Nocne szarże policji. Czy muszą budzić pół miasta?
4 września 2019
Przez ostatnie pięć dni, dwadzieścia cztery godziny na dobę, z powodu zabezpieczenia zagranicznych wizyt, kolumny radiowozów pędziły na sygnale ulicami Warszawy i okolic. Nocne szarże policji krytykuje wielu mieszkańców.
- Przez 5 dni non-stop na sygnałach jeżdżą kolumny radiowozów. Nawet w nocy wyją i budzą ludzi, wielokrotnie. To jest po prostu nie do zniesienia. Z jakiego powodu ludziom spać nie dają? - skarży się mieszkaniec Białołęki. Bardzo duża liczba radiowozów na sygnale była także widziana w Kątach Węgierskich, w Jabłonnie i w Legionowie. Jest to oczywiście związane z lokalizacją Centrum Szkolenia Policji w Legionowie, z którego radiowozy wyjeżdżały, a następnie wracały z zabezpieczania uroczystości państwowych. - Natknęłam się na 20 takich z rzędu - dodaje Karolina.
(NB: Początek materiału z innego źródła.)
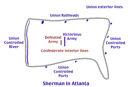 The above assumes one is seeking victory by destroying the enemy's infrastructe necessary to the waging of war. There are other approaches. One could attempt to destroy the enemy's war fighting capability. To some degree Grant tried this, bleeding the southern army through continuous battle. One could try to destroy the enemy's will to fight. The South attempted this. Their best hope was to convince the voters to vote Lincoln out of office in 1864.

Czytając wypowiedzi z różnych stron internetowych, mieszkańcy mają serdecznie dość ciągłego wycia policyjnych kogutów i wielu pyta wprost: "Żyjemy w policyjnym państwie, gdzie spokój mieszkańców w trakcie trwającej ciszy nocnej dla polskich władz kompletnie się nie liczy?".
Nawet w nocy na sygnale
Działania polskiej policji w ostatnich dniach na terenie Warszawy i okolic były związane z trwającymi obchodami 80. rocznicy wybuchu II wojny światowej. Główne uroczystości odbyły się na placu Piłsudskiego w Warszawie. Wzięli w nich udział prezydent Andrzej Duda wraz z małżonką oraz m.in. Frank-Walter Steinmeier - prezydent Republiki Federalnej Niemiec, Michael Pence - wiceprezydent Stanów Zjednoczonych oraz Angela Merkel - kanclerz Niemiec. Na uroczystościach zabrakło zapowiadanego wcześniej Donalda Trumpa. Jednak wszystko wskazuje na to, iż to głównie z powodu zabezpieczenia delegacji z USA w stan gotowości postawiono wszystkie lub prawie wszystkie siły służb mundurowych z pobliskich komisariatów. Stąd właśnie przez ponad 5 dni można było zaobserwować i bez trudu usłyszeć wzmożony ruch pojazdów uprzywilejowanych, które gnały w kierunku centrum Warszawy, a następnie z powrotem do swoich baz. O ile do ciągłej jazdy na sygnałach za dnia niewielu ma pretensje, o tyle do nocnych policyjnych szarży zastrzeżeń jest mnóstwo. Wszak w nocy ruch na ulicach jest znikomy. Czy zdaniem funkcjonariuszy wiceprezydent USA byłby mniej bezpieczny, gdyby radiowozy w nocy jeździły bez używania sygnalizacji dźwiękowej?
KSP: Tak stanowi prawo
- U podstaw wszelkich działań policjantów podejmowanych w czasie trwających zabezpieczeń leży szeroko rozumiane bezpieczeństwo, natomiast kwestie użycia sygnałów świetlnych i dźwiękowych reguluje m.in. Prawo o Ruchu Drogowym - informuje lakonicznie nadkomisarz Sylwester Marczak, rzecznik prasowy Komendy Stołecznej Policji, odpowiedzialnej za zabezpieczenie obchodów. Odpowiedzi o zasadność używania sygnałów dźwiękowych w środku nocy przez powracające do swoich baz radiowozy nie uzyskaliśmy. W art. 53 ustawy Prawo o ruchu drogowym w pkt. 2 czytamy: "Kierujący pojazdem uprzywilejowanym może, pod warunkiem zachowania szczególnej ostrożności, nie stosować się do przepisów o ruchu pojazdów, zatrzymaniu i postoju oraz do znaków i sygnałów drogowych tylko w razie, gdy uczestniczy: w przejeździe kolumny pojazdów uprzywilejowanych oraz w wykonywaniu zadań związanych bezpośrednio z zapewnieniem bezpieczeństwa osób zajmujących kierownicze stanowiska państwowe, którym na mocy odrębnych przepisów przysługuje ochrona".